Ешьте, ешьте, подвигала тарелки хозяйка, для мужчин главное, хорошо поесть, потом можно хоть бочку выпить. Здесь мужчины редкость, требуют заботы, язвила она. Чуть что, убегают, что им тут делать, ни заводов, ни фабрик, вот и уезжают, кто на Север, кто в Сибирь. Уедет сто, а возвращается двадцать. А куда деваться женщинам, их везде много…
— У нас тоже уезжают, — серьезно объясняла Надя. — В нашем районе было шесть сел, небольшие, но все люди работали. Кто в лесу, кто в поле… А потом сказали сделать одно большое село. Культурные услуги будут лучше, работать, говорят, удобнее, когда много людей живут вместе… Люди деньги за старые дома получили и кто куда, не хотят жить в куче, не привыкли… А у нас говорят, большие села удобнее оборонять от китайцев. Вот людей и сгоняют с места…
Коровин с хозяйкой ушли в другую комнату.
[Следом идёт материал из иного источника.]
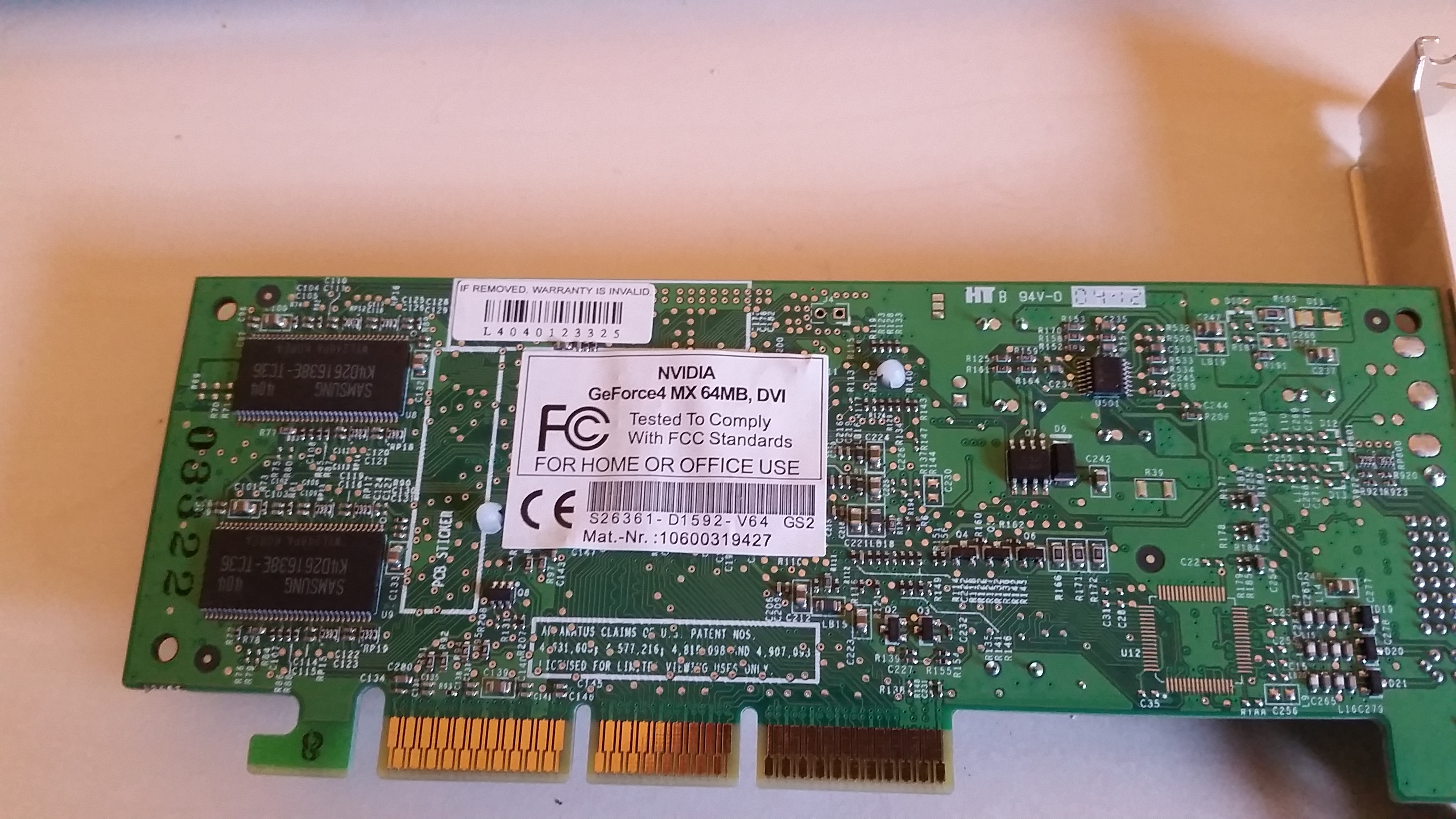 Eine OEM GeFroce 4 MX 64MB mit DVI. Vermute die war in dem Fujitsu PC verbaut dessen Einzelteile ich ersteigert habe.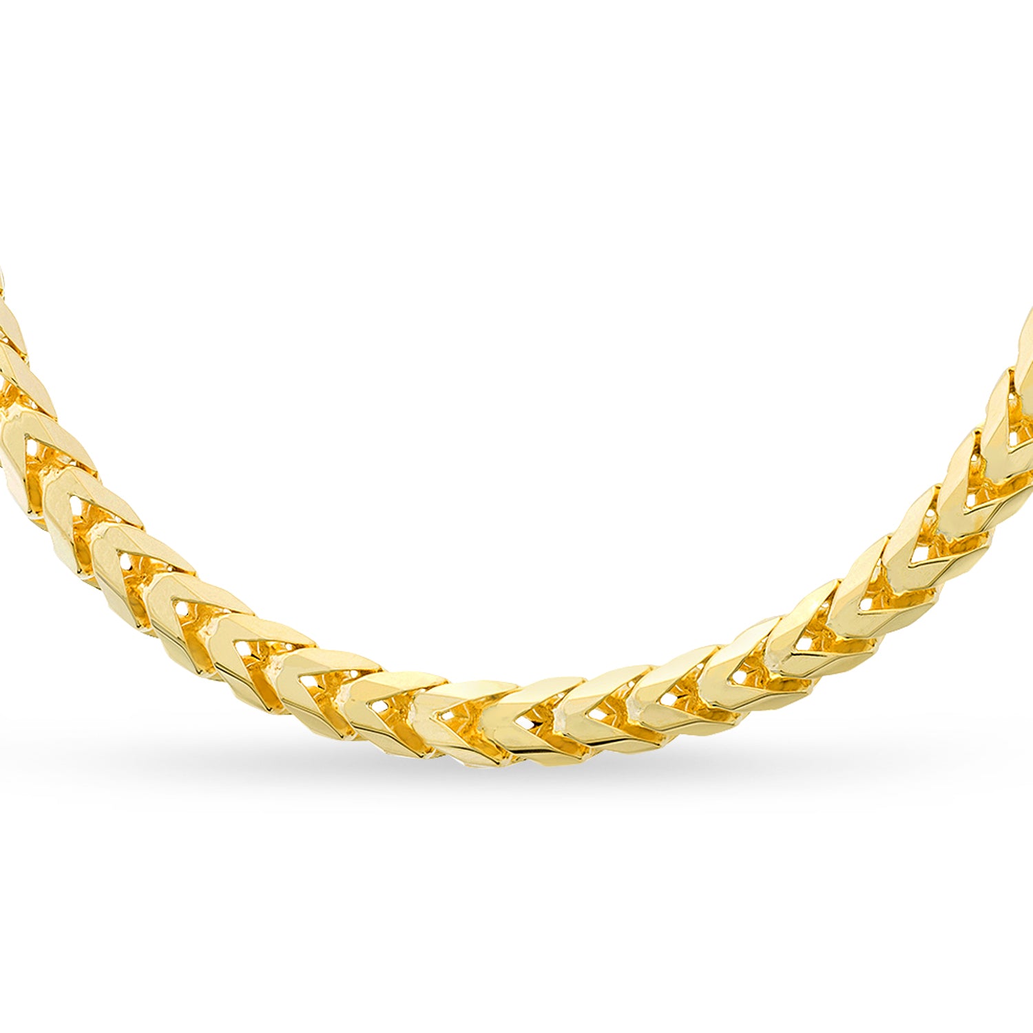 This franco chain necklace is styled in 14K yellow gold. The necklace secures with a secure lobster lock clasp.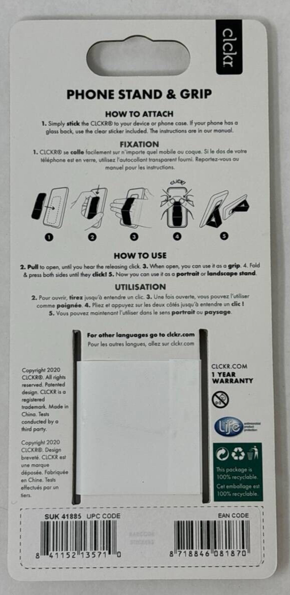 Clckr Universal Stand and Grip Phone Holder Smooth Mount for iPhone 11 12

Теличко маялся в нерешительности, поглядывая на Надю. Господи, это же дите еще, что делать…
— Хотите, я свой альбом покажу? — спросила она.
Надя положила перед ним толстый альбом в оранжевом плюшевом переплете, подсела поближе.
На первой странице была приклеена фотография в рамке из неумело нарисованных цветов. Паренек в кепке сидел, положив руки на колени, на фоне надписи: «Розы срываю, сирень берегу, всех забываю, тебя не могу!» Далее шли вырезанные из газет и журналов картинки — цветы, многоэтажные дома, пляж на Черном море, толстощекие малыши… Под каждой вырезкой аккуратно написано от руки, что изображено. Тщательно обведенные рамкой афоризмы о верной дружбе, о богатстве, которое ничто по сравнению с любовью…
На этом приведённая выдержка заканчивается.